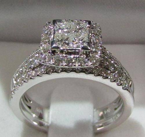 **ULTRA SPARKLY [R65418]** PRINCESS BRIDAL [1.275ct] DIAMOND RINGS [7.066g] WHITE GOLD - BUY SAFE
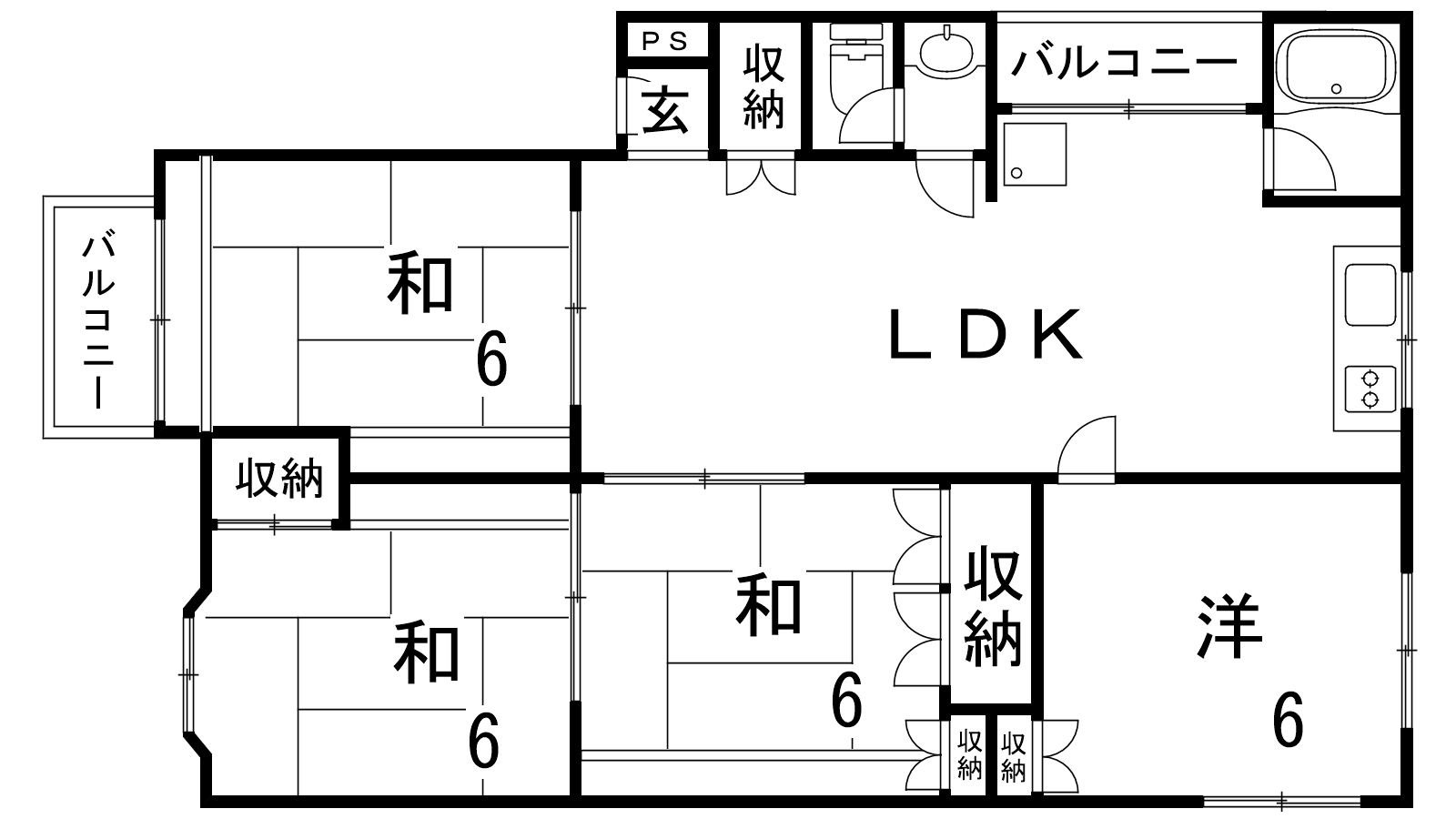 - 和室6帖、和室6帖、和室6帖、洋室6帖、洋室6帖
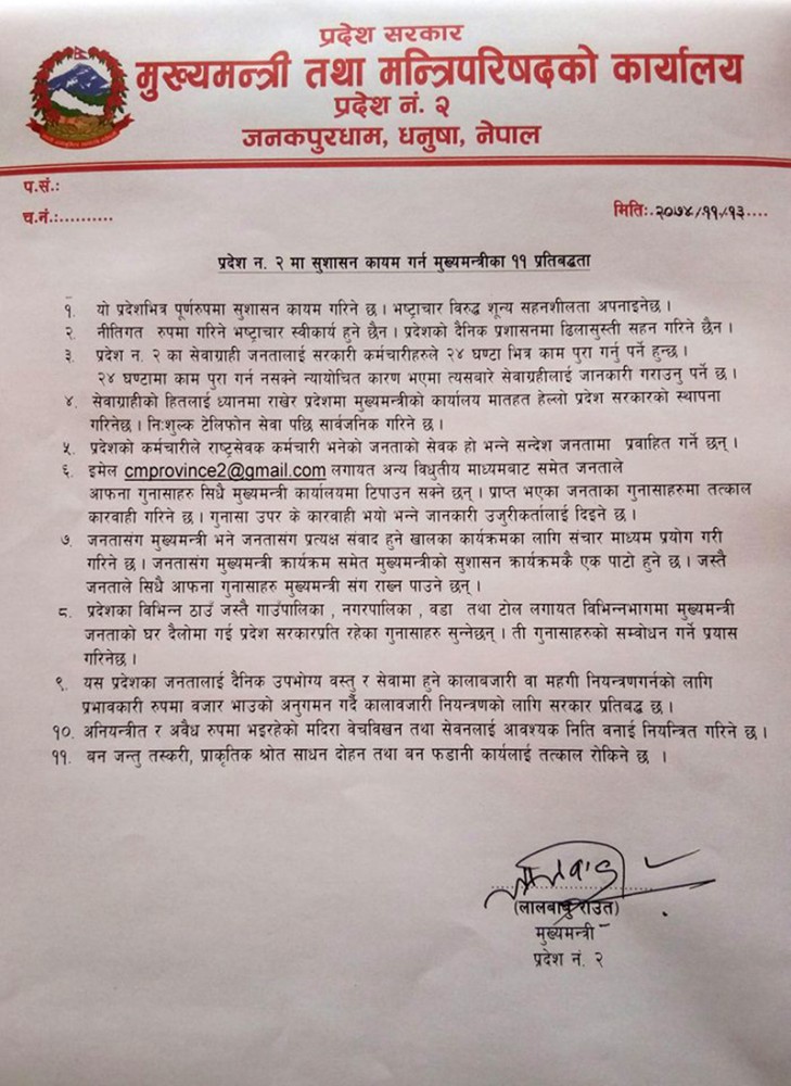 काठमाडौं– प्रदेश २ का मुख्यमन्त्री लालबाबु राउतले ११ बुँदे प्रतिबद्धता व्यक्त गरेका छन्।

Exercise details:
The range to transcribe runs from the line holding "- 和室6帖、和室6帖、和室6帖、洋室6帖、洋室6帖" through the final line of the data above; copy it exactly and exclude the pictures.

Answer section:
 - 和室6帖、和室6帖、和室6帖、洋室6帖、洋室6帖
 काठमाडौं– प्रदेश २ का मुख्यमन्त्री लालबाबु राउतले ११ बुँदे प्रतिबद्धता व्यक्त गरेका छन्।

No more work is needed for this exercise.